Всего на сегодняшний день проведено четыре этапа исследования текста и затекста как литературно-художественных, так и иных произведений: 1) в 2010–2011 гг. проанализировано 46 стихотворений – в основном классических произведений философской и гражданской лирики XIX и XX вв. Благодаря их анализу были сформулированы предварительные представления о структурах бессознательного, ответственных за восприятие словесного искусства; 2) в марте-июле 2014 гг. было проанализировано 500 целостных, небольших, произведений, как поэзии, так и прозы разных жанров, включая фольклор (всего 29 жанров; количество произведений в каждом жанре – от 10 до 50, их точное число было указано в таблицах в книге [Кабачек 2016]). В основном на этом этапе (помимо текста) анализировался «архетипический» (интегральный) слой затекста. Результаты анализа позволили выдвинуть гипотезу о структуре, функциях и происхождении одной из «матриц» бессознательного; 3) в 2016–2018 гг. был дополнительно исследован этот слой на 3209 текстах или их отрывках (художественные, религиозно-философские и документальные произведения), что помогло выявить новые свойства затекста и феномены бессознательного [Кабачек 2019]); 4) в 2019–2021 гг. был проведен очередной этап исследований с использованием новых понятий и параметров (7512 текстов разных жанров, частично совпадающих с предыдущей выборкой; большую часть их занимали произведения, содержащие пограничную или явную психическую патологию); результаты этого и предыдущего этапов вошли в данную книгу.

Она посвящена описанию характеристик и феноменов бессознательного, выявленных по текстам и их отрывкам из фольклора, пост-фольклора, художественной литературы XII–XXI веков, эссеистики, текстов эпистолярного жанра и прочей документалистики и аналитики.

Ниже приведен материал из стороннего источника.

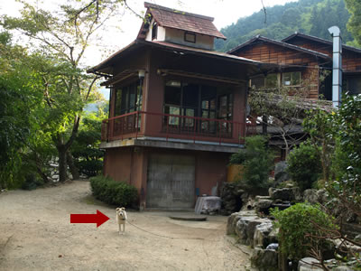 せせらぎ亭さん、番外編。駐車場に車をとめ、門をくぐり、きれいに手入れされたお庭を楽しみながらお店の入口まで歩いていると、 ・・・なんかいますけど?白いの。番犬?てゆーか、なぜここに飼い犬?近づいてみました。 かっ・・・かわいい~っ昔うちで飼っていた犬によく似ている・・・。思わず 「シロ・・・!」と呼んでみる。 無視かよ。気を取り直して、すこし進むと、池と水車があり、その脇に、水車小屋?の中になぜか、 いのしし のはく製!?こわすぎ。めっちゃ、にらんどるやーーん(泣)びくびくしながら、お店の入口まで歩く。キジとか飛んできたらどうしよう。で、お店の入口で、さらにショッキングゥ~なものと遭遇。 いのしし、吊るされとるやないかーい!しかも、中には、タヌキが逆立ち????(違うかも。怖くて正視できず)かなりワイルド!! 合掌。 Posted by 曽我

В качестве экспериментального материала, ради своеобразного кросс-культурного исследования, участвовали и переводные произведения (с китайского, японского и немецкого), но, разумеется, как явления русского языка (ибо «постижение глубинных механизмов языка возможно только на базе родного» [Толстая]). Все приведенные в тексте корреляции качеств статистически достоверны, подсчитаны с помощью формул коэффициента корреляции К. Пирсона, коэффициента ассоциации Д. Юла и др.

Прежде чем переходить к рассказу об этих закономерностях речевой деятельности, кратко осветим два ранее изученных слоя: анализ их также будет использоваться в данной книге.

§ 2. Анаграмматический слой затекста

Филологи признают актуальность проблемы связанности текста на разных его уровнях, в том числе фонетическом: «анаграмме свойственно актуализировать смысл, не только лежащий внутри слова, «по ту сторону» буквального значения, но и рождающийся на стыке лексических единиц, способных откликаться друг на друга, вступать в «диалогические» отношения» [Князева 2005; с. 103]. (Еще Фердинанд де Соссюр «допускал существование текста под текстом, или пред-текста. По его предположению, поэт при создании стихотворного произведения прибегает к тем же фонемам, что и в “ключевом слове”» [Пузырев, Шадрина].)

Анаграммой обычно считается перестановка букв (звуков), посредством которой из одного слова составляется другое. В нашем анализе затекста рассматривался наиболее простой случай анаграммы, а именно: 1) слова-осколки, образовавшиеся из первого, базового, слова в том же порядке (т. е. как его слышат адресаты), иногда в двух вариантах произношения: «акающем» и «окающем» (пример: «словами» («славами») – «слава», «лов», «лава», «вами»); 2) новое слово-кластер, образованное двумя соседними словами («не вымести» («ни вымисти»): «нивы», «вы», «мести»).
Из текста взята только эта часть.